──────── Entries provided

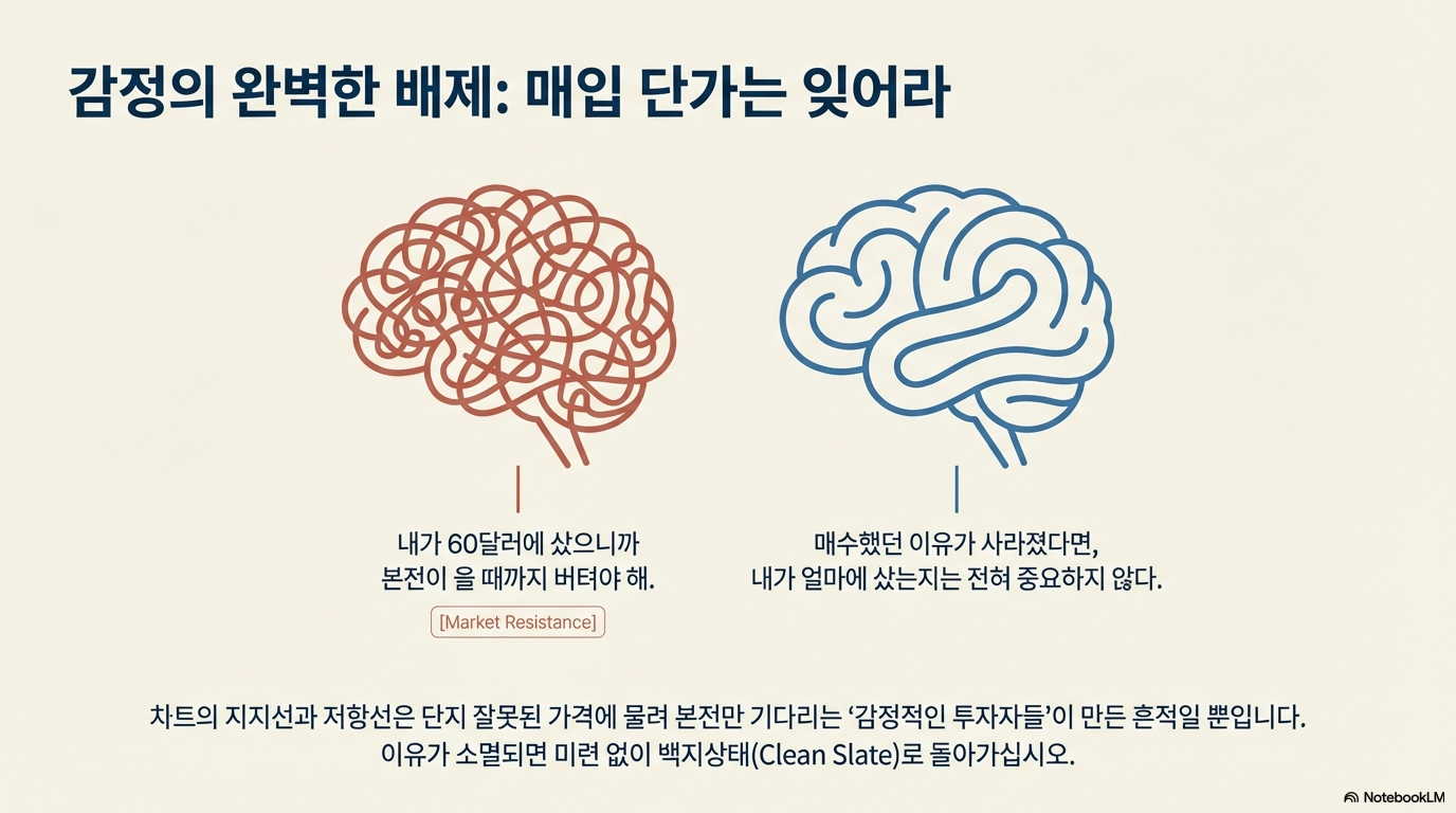 성공적인 투자자는 자신의 가설이 틀렸음을 깨닫는 순간 깨끗하게 판을 닦고(Clean the slate) 다시 시작할 수 있어야 합니다. 그는 "아무리 분석을 깊게 했더라도, 시장이 내가 생각한 이유와 다르게 움직이면 감정 없이 포지션을 정리한다"고 말합니다. 유연함과 겸손함이야말로 비대칭적 위험-보상(Asymmetric risk-reward)을 찾는 가장 강력한 무기입니다.
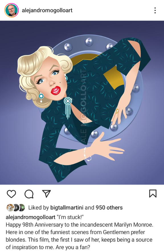 Spanish artist Alejandro Mogollo paid tribute to Marilyn’s hilarious ‘porthole scene‘ from Gentlemen Prefer Blondes.
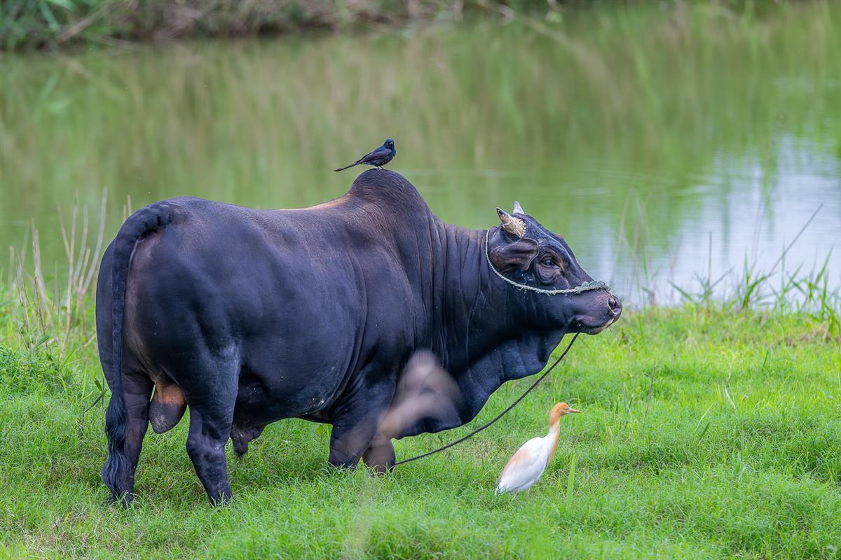黑牛静立青草地,鸟栖牛背、鹭伴身旁,绘就一幅生态和谐的田园画卷。
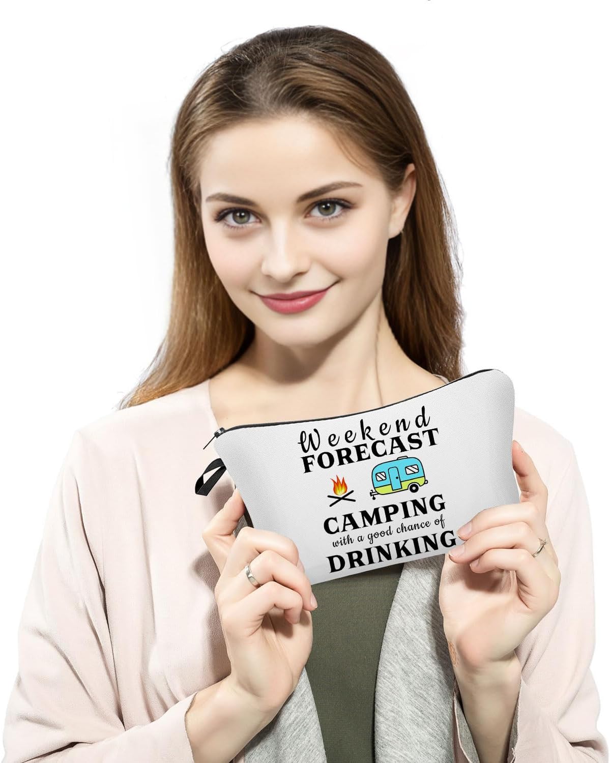 1.Exquisite Patterns: This makeup bag features ‘Weekend Camping’ print with double-sided printing design, boasting vibrant colors that resist fading. A variety of cute, fun, and stylish makeup bags are available for your selection
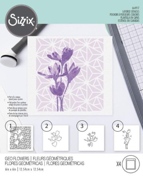 SIZZIX Plastová šablóna - vrstvená geometria a kvetina 4 ks
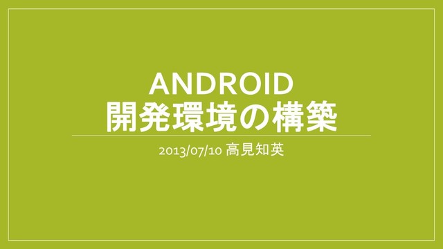 ANDROID 開発環境の構築 2013/07/10 高見知英
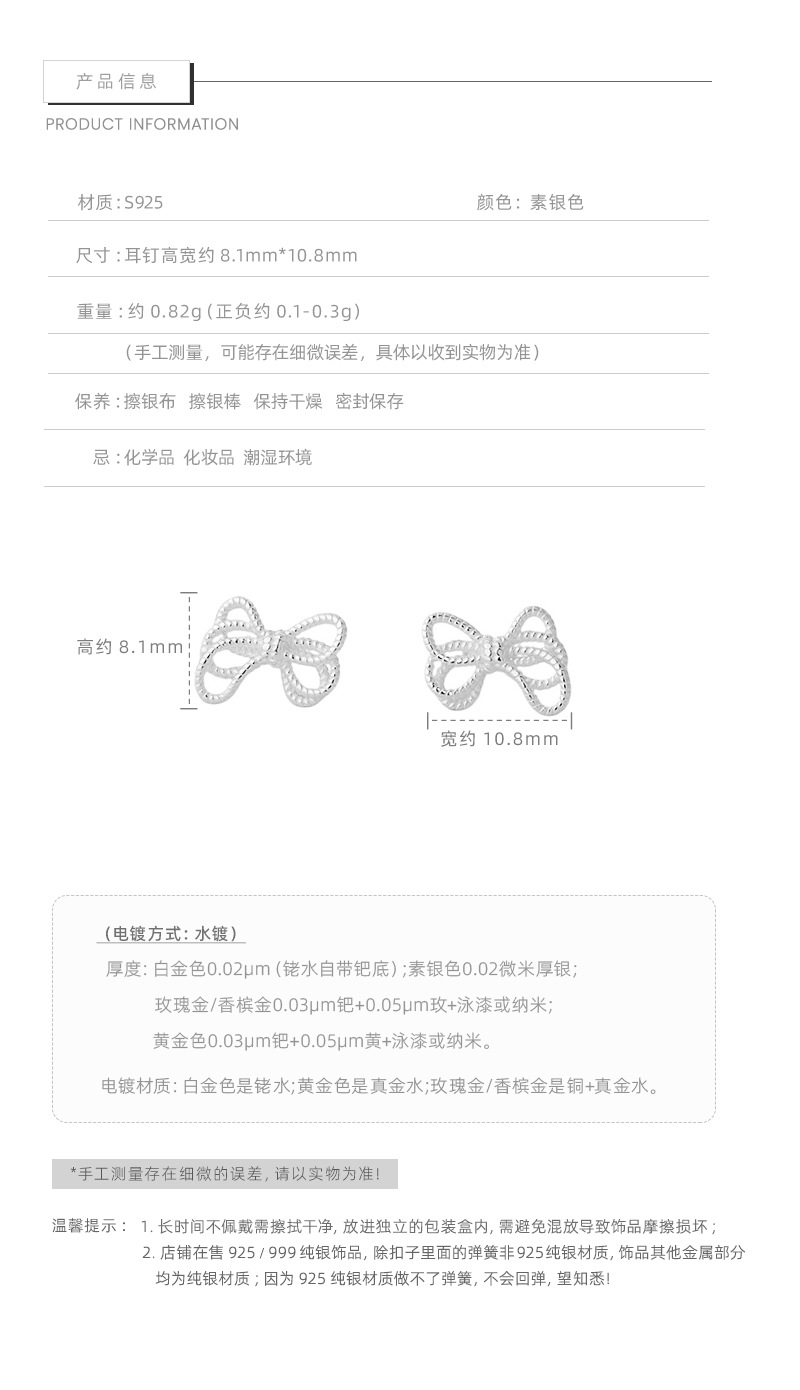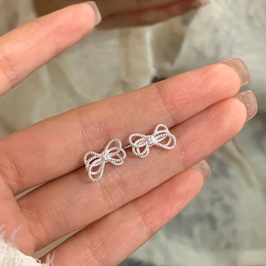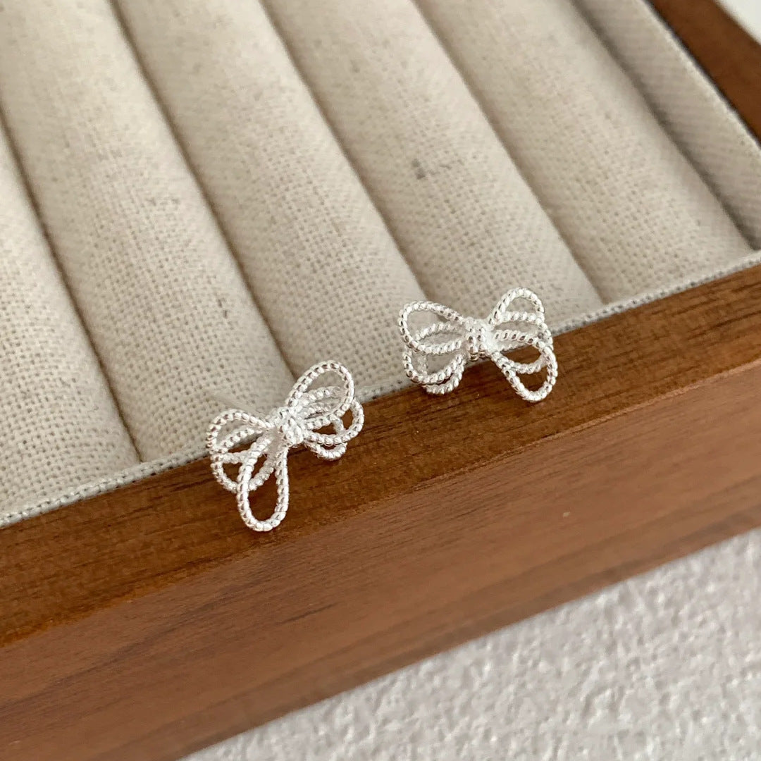E廠【XDQ10642E】S925純銀韓版ins蝴蝶結耳環女冷淡風不規則感繩結精緻耳飾潮 26.01-1

────────────────

### What this task involves:
Write out again, exactly, each line from the one with "黑牛静立青草地,鸟栖牛背、鹭伴身旁,绘就一幅生态和谐的田园画卷。" to the end of the entries. No pictures go in.

### Solution to this exercise:
黑牛静立青草地,鸟栖牛背、鹭伴身旁,绘就一幅生态和谐的田园画卷。
 1.Exquisite Patterns: This makeup bag features ‘Weekend Camping’ print with double-sided printing design, boasting vibrant colors that resist fading. A variety of cute, fun, and stylish makeup bags are available for your selection
 SIZZIX Plastová šablóna - vrstvená geometria a kvetina 4 ks
 ANDROID 開発環境の構築 2013/07/10 高見知英
E廠【XDQ10642E】S925純銀韓版ins蝴蝶結耳環女冷淡風不規則感繩結精緻耳飾潮 26.01-1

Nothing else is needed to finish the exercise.